The above Gaussian filter operates at a fixed bandwidth. To obtain the 0.1 Hz to 40 Hz spreading bandwidths that is required by the ITU recommendations, the random values from the Gaussian filter are up-sampled using the Audio Converter routines in Mac OS X's Core Audio framework .

Audio Converter can resample between arbitrary sampling rates, however it can only be used for a limited range. cocoaPath solves this by up-sampling in multiple steps, the first steps use Audio Converter to resample by a power of 2 and the final step uses Audio Converter to resample by an arbitrary ratio. A 1 Hz spreading filter is created from the 198 Hz wide signal by up-sampling with a factor of 16 and then with a factor of 12.36. A 0.1 Hz spreading filter is created by first up-sampling with a factor of 8, then by a factor of 16 and finally by a factor of 15.45.

The transition band of the interpolation filter in the Audio Converter creates an error of approximately 0.2% and this is compensated by increasing the noise power by a corresponding amount.

The result of the pair of in-phase and quadrature noise generators and Gaussian filters is a bivariate Gaussian process whose magnitude is 1.0.


5 Additive White Gaussian Noise (AWGN)

The Watterson model introduces Gaussian random processes to scatter the paths without adding noise to the amplitude of the signal. The ITU document recommends adding band-limited Gaussian noise to the output of the model to set the signal-to-noise ratio.

cocoaPath generates a wide bandwidth Gaussian noise using the same Wichmann-Hill and Box-Muller generators that it uses for the Doppler scattering function (see section 4.1 above). The samples from the Box-Muller algorithm are treated as scalar values by making the complex value pairs into two successive independent scalar Gaussian samples.

The noise samples are then pass through a bandpass filter that is identical to one channel of the bandpass filter used in the Hilbert transform which was mentioned in section 3 above. This scalar noise is then added to the scalar output from the Watterson model.

As in the Hilbert transform, the bandwidth of this filter can be chosen from 1.24 kHz, 3 kHz or 4 kHz. The filter starts at about 100 Hz and, in the case of the 3 kHz filter, extends to 3100 Hz. The result is noise that is "white" within the passband of the selected filter.

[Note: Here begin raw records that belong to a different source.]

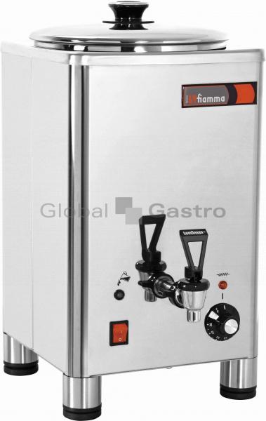 Model je v nerezovém dvouplášťovém provedení “bain-marie”s výkonnou topnicí 1,3 kW, která šetrně ohřívá vodu v plášti, zabraňuje připalování a znehodnocení mléka a dalších nápojů. Uvedený termos je vhodný pro přípravu, udržení a výdej různých druhů nápojů (mléko, vodu, kávu, čaj atd.) Termos je ovládán pomocí regulačního termostatu do 85°C, dále je vybaven kontrolkou chodu a hladiny vody v plášti, anti-kondenzačním systémem, vyjímatelnou vložkou, poklicí a výpustným kohoutem (se snadnou údržbou), centrálním síťovým vypínačem a výškově stavitelnými nohami.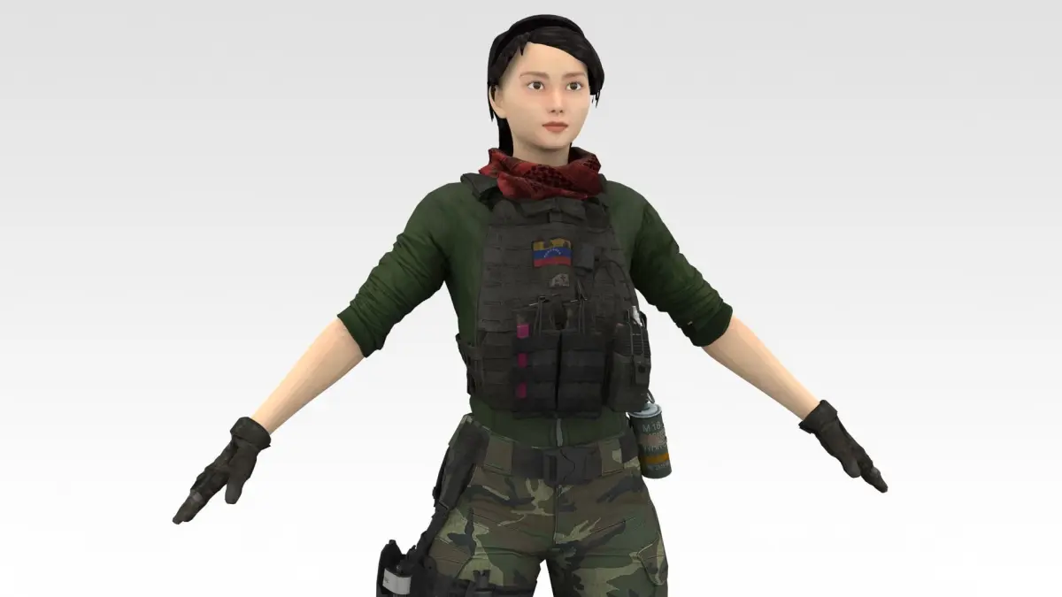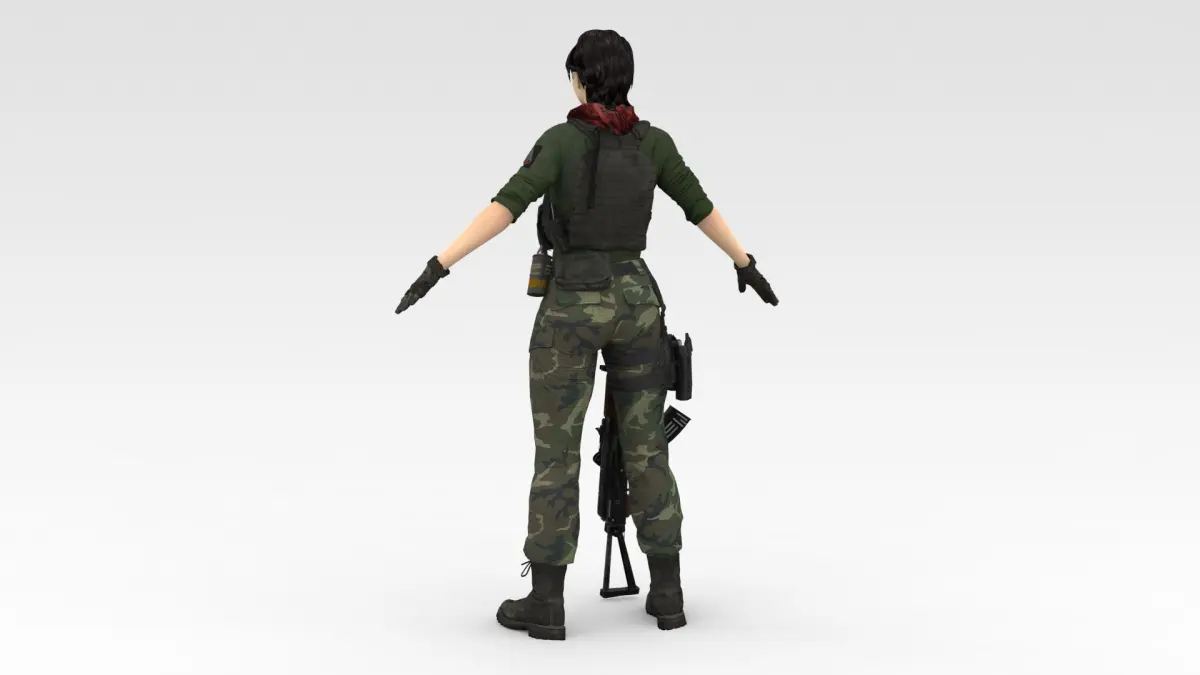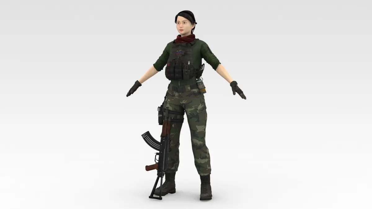 Description:Female Soldier 3D model is a high quality, photo real model that will enhance detail and realism to any of your game projects or commercials. The model has a fully textured, detailed design that allows for close-up renders. Features:• High quality polygonal model with detailed texture, correctly scaled for an accurate representation of the original object.• Maya 2019 V-Ray and standard materials scenes along with multiple other file formats.• Texture files are given in .jpg formats for easy access.• All preview images are rendered using Autodesk Maya vray• No cleaning up necessary, just drop your models into the scene, Load the texture and start rendering.• No special plugin needed to open scene.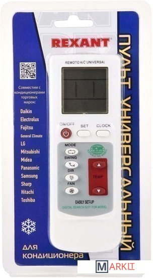 Пульт универсальный для кондиционеров (RX-100AII) REXANT подходит к более 1000 моделей кондиционеров различных кондиционеров.Совместим со следующими моделями:GREE , CARRLE, MIDEA, TOSHIBA, LANBO, CHANGHONG, FRESTECH, CHIGO, MACQUAY, PANASONIC, HUIFENG, HAIER, NANF, MITSUBISHI, DAYU, GALANZ,SAST, KELONG,HUABAO, SHENGFENG, AUX , YAIR, SHARP,SHENGBAO, WANBO, DAIKIN, POLKA, HISENSE, TIANYUAN, FUSHITONG, TOBO, HUALING, FEILU, LG. XIAOYA, HITACHI, DEER, TCL, LIANGYU, SANYO, LITTLE SWAN, WHIRPOOL, SUOWA, ROWA , LANGGE, ELECTROLUX, CROWN, YORK, ZHONGLI, AUOMA, TALANDI, CHUNLAN, WUFFENG, XINKE ,SAMSUNG и др.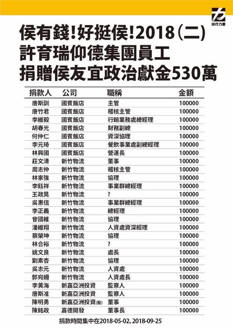 常整齊劃一的在特定的幾個日期,以每人捐贈10萬元的方式,提供侯友宜政治獻金,2018年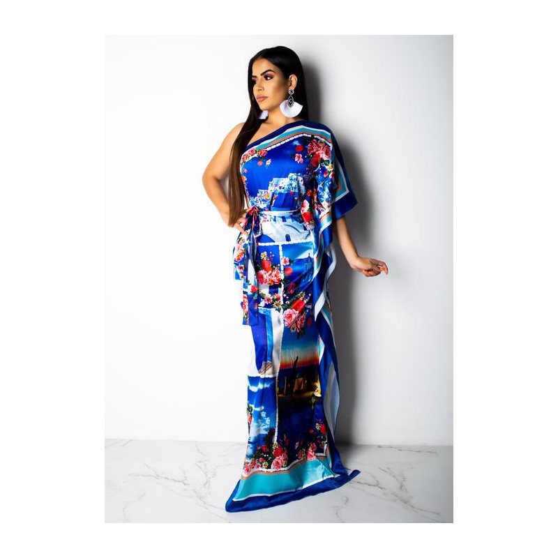 Maxi vestido recto satinado con estampado paisaje griego en tonos azules descubierto una manga , cintilla en cintura (cinturón incluido).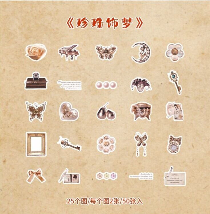 ビンテージ系シール 鍵やピアノなど古物アクセサリを模したおしゃれなフレークシール 手帳や日記のコラージュに

As shown in Figure 5.1 below, the RMS noise power in set with the AWGN text field of the cocoaPath user interface (relative to a digitized "full-scale" signal). When an input signal appears, cocoaPath will compute the noise power from the input source and display the signal-to-noise ratio.

Picture 9
Figure 5-1 Noise and signal-to-noise parameters

The RMS power from the model (before white noise is added) is computed by passing the input signal through an equivalent multiple path Watterson model, but with the Doppler scattering suppressed. This ensures that there is no fluctuation in the power computation, while taking into account what the different paths in a model can do to a signal (paths can constructively or destructively interfere with one another). Since the mean gain of a Doppler spreading function is unity, the power from a model that has no Doppler spread should be the same as the long term mean RMS power of the signal that includes Doppler spreading.